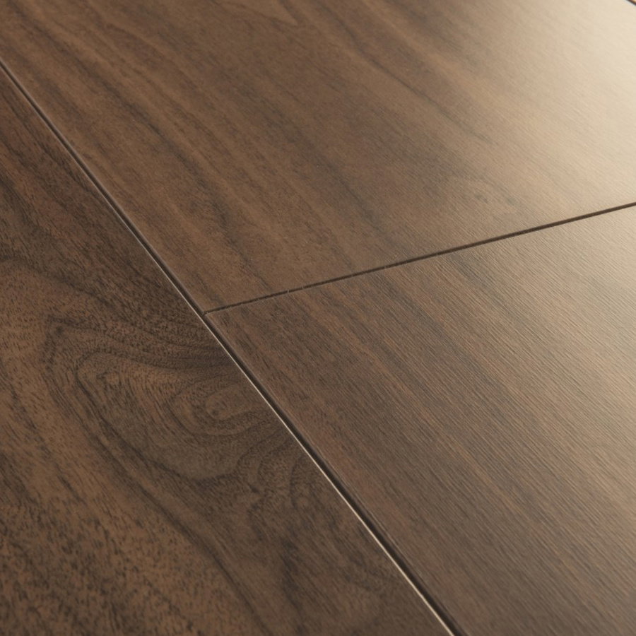 Introducing the Chic Walnut Quick-Step Laminate. This dark and stylish laminate flooring brings the rich allure of walnut to your space. Its strength is in its durability — it’s hard-wearing, water-resistant, and UV-resistant, making it perfect for nearly any room, whether it’s your bustling kitchen or your cosy bedroom.
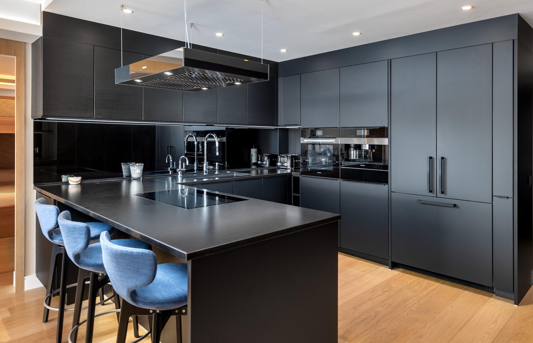 Conçu avec goût et entièrement meublé, l’appartement s’ouvre sur un hall d’entrée accueillant avec rangements sur mesure. L’espace de vie, habillé de parquet en bois, comprend une cuisine équipée d’électroménagers Miele, ouverte sur une salle-à-manger raffiné et un salon élégant. La cuisine dispose notamment d’une plaque à induction, d’un four, d’une machine à café encastrée, d’un grand réfrigérateur-congélateur américain, ainsi que d’un îlot cuisine et d’un bar intégré avec cave à vin.
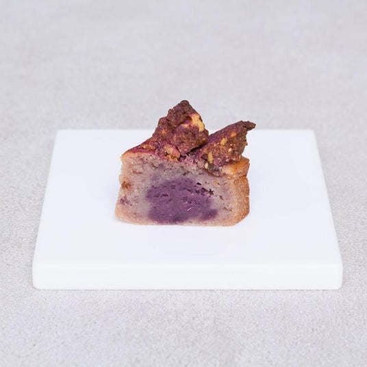 フィリングは紫芋100%。ひと手間かけ、オーブンで焼き芋にした後にペーストにすることで、紫芋本来の香ばしさを引き出しました。豊かな風味とともに、ひと口ずつほっこりとした温かみを感じていただけるはず。
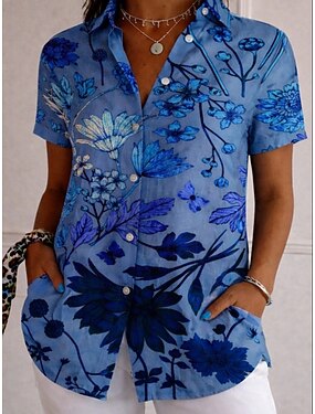 Mulheres Camisa Social camisa de botão Camisa casual Tops de verão Botões Imprimir Floral Gráfico Vintage à moda Moderno Manga Curta Colarinho de Camisa Tops longos Diário Azul Branco e Azul Arco-íris
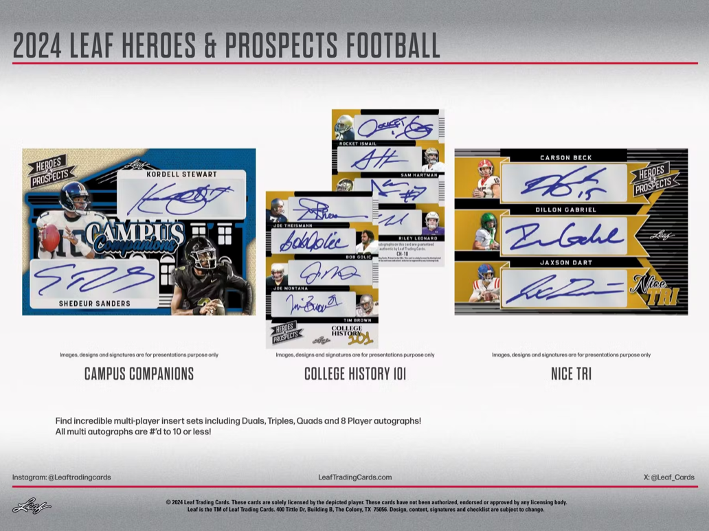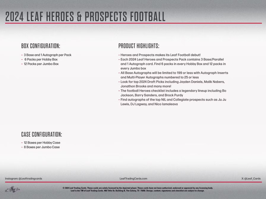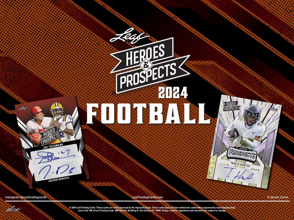 2024 Leaf Heroes & Prospects Football Hobby Jumbo Box 12 Packs per Box, 4 Cards per Pack
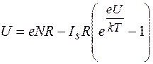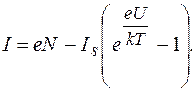 В этом соотношении U - уменьшенная контактная разность потенциалов p-n перехода, k-постоянная Больцмана, T-температура, Is-ток насыщения. Величина тока насыщения зависит от характеристик перехода и свойств p и n областей полупроводника. При постоянной интенсивности света стационарное состояние установится при таком U, при котором ток утечки будет равен фототоку. Условие стационарности принимает следующий вид:
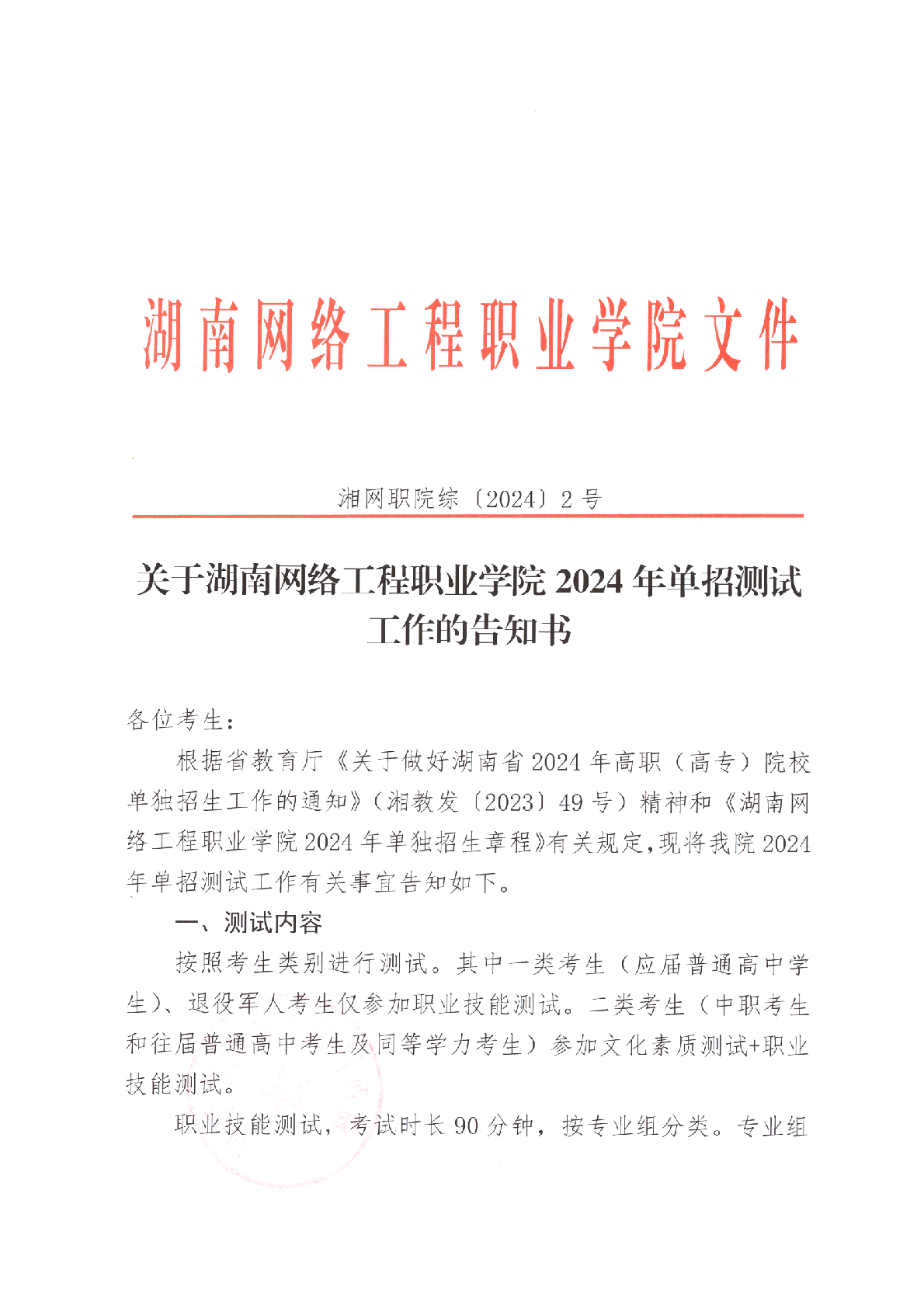 2.關(guān)于湖南網(wǎng)絡(luò)工程職業(yè)學(xué)院2024年單招測試工作的告知書.pdf
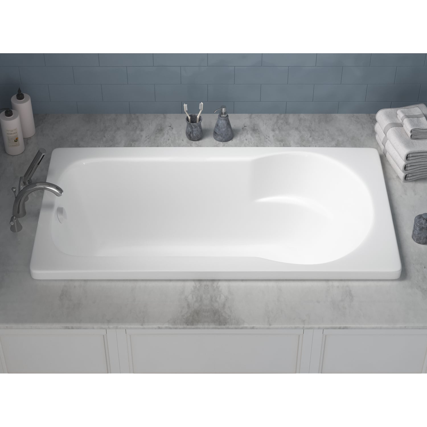 - Non-jetted deep soaking bathtub that’s easy to install. No need to run electrical wiring.
*****
### Activity
Set down only the lines from the one with "2024 Leaf Heroes" through the end of the entries, exactly as they appear, leaving out each picture.

### Solution for this problem
 2024 Leaf Heroes & Prospects Football Hobby Jumbo Box 12 Packs per Box, 4 Cards per Pack
 В этом соотношении U - уменьшенная контактная разность потенциалов p-n перехода, k-постоянная Больцмана, T-температура, Is-ток насыщения. Величина тока насыщения зависит от характеристик перехода и свойств p и n областей полупроводника. При постоянной интенсивности света стационарное состояние установится при таком U, при котором ток утечки будет равен фототоку. Условие стационарности принимает следующий вид:
 2.關(guān)于湖南網(wǎng)絡(luò)工程職業(yè)學(xué)院2024年單招測試工作的告知書.pdf
 - Non-jetted deep soaking bathtub that’s easy to install. No need to run electrical wiring.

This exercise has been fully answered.